History of Samara

 

Thirteen years ago, we fell in love. It was a very strange feeling because it was totally unprompted and quite unexpected. A battlefield is not normally the sort of place one associates with affairs of the heart. However, the battle sites of Isandlwana and Rorke’s Drift in KwaZulu Natal must have inspired some primal emotions that led to conduct quite markedly in contrast to our normal, rational behaviour.

After a long dinner accompanied by several glasses of superb South African Cabernet up in Northern Natal, the site of British triumph and Zulu tragedy, we started chatting to a chap from quite a different part of South Africa – the Great Karoo. Magical tales were woven about the millions of springbok which once roamed this area, the “Vanished Kings”, the Cape lion who majestically strode the Plains of Camdeboo, the rhino, the cheetah, the explorers, the characters of yesteryear and the haunting beauty of the semi-desert land.

Overwhelmed and humbled by the magnificence of it all, we went away totally and completely smitten by the Great Karoo.

Monkey Valley became the first farm that formed the nucleus of Samara Private Game Reserve and twelve years ago we happily became its owner.
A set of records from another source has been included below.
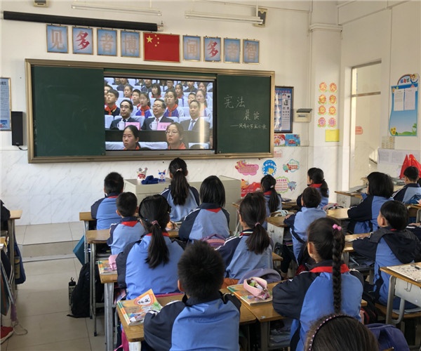 上午九點,鳳鳴小學全體教師在各自的工作崗位收看“憲法晨讀”網絡直播,學習憲法精神,讓法治信仰根植于心。各班學生在班主任的帶領下,在各班教室內同時開展了學習活動。
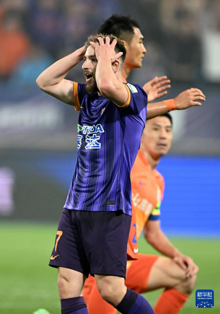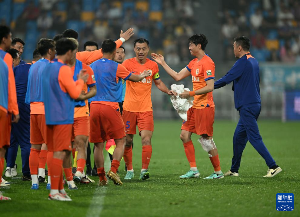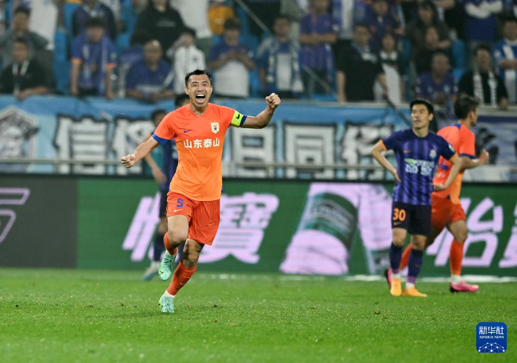 5月21日,山东泰山队球员郑铮在队友进球后庆祝。新华社记者 赵子硕 摄
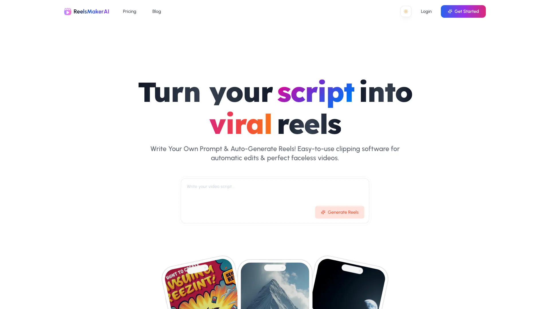 - AI Creates Content: Watch as Reelsmakerai's advanced AI generates compelling scripts, stunning visuals, and professional narration based on your prompt.
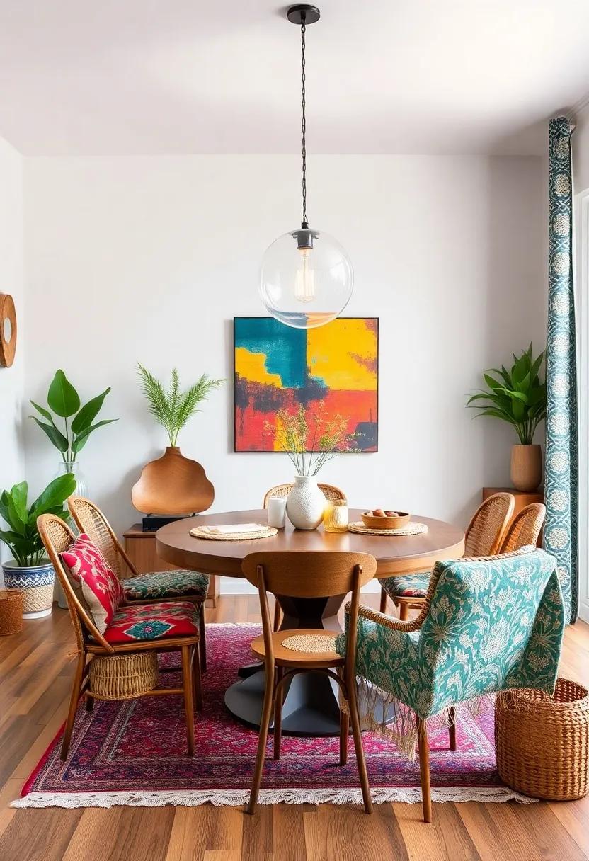 Bring the room alive by incorporating a variety of patterns and colors through accents such as a bold centerpiece or a collection of colorful dinnerware. Use a mix of vintage ceramic plates, woven placemats, and patterned fabric napkins to create a dynamic tablescape that reflects your unique style. Small elements like succulents in terracotta pots, funky candlesticks, and layered textiles add layers of texture that enhance the room’s character.This harmonious blend of eclectic design elements will undoubtedly transport your dining space into a free-spirited sanctuary.
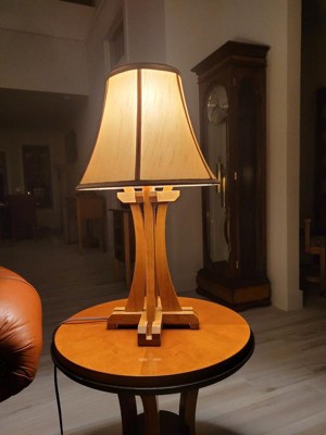 I really like the soft, diffuse, light tan glow produced by these two shades, used for matching cherry wood end table lamps. Well-constructed with white interior that projects adequate light for coach reading. Included harps were perfectly sized for the shades: apparently at 8.5" in height. Thank you!
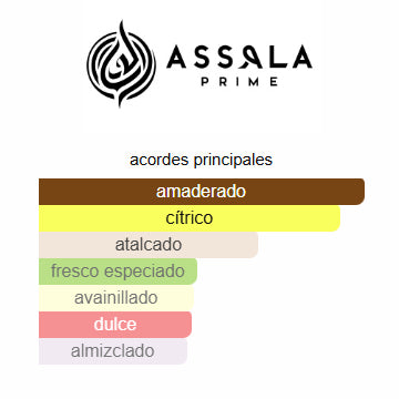 Una fragancia moderna que equilibra frescura y calidez, perfecta para quienes aprecian aromas complejos y duraderos. Fakhama de Assala Prime.

The dream continued – amass enough land to have a self-sustaining eco-system that would carry game, the herds of antelope that used to inhabit this area, and the predators to keep the balance that helps maintain these fragile eco-systems.

70 000 acres and twelve years later, Samara’s dream was born, pursued, and today continues to evolve in the Eastern Cape’s Great Karoo. The land was allowed to rest for many years and has now recovered from the effects of generations of agricultural exploitation. The haunting beauty of the landscape that first inspired Samara’s campaign of rejuvenation has been allowed to return.

Samara, land of serenity, has as its aim the realisation of the land’s potential, not only as an area of outstanding natural beauty and diversity, but also as home to an ambitious programme of game reintroduction. Herds of springbok, black wildebeest, zebra, oryx, eland and blesbok, amongst others, “pronk” and run again on the Plains of Camdeboo. Rhino and giraffe now meander across the veld. Nearly one hundred and twenty five years after it was last seen, the cheetah reigns again.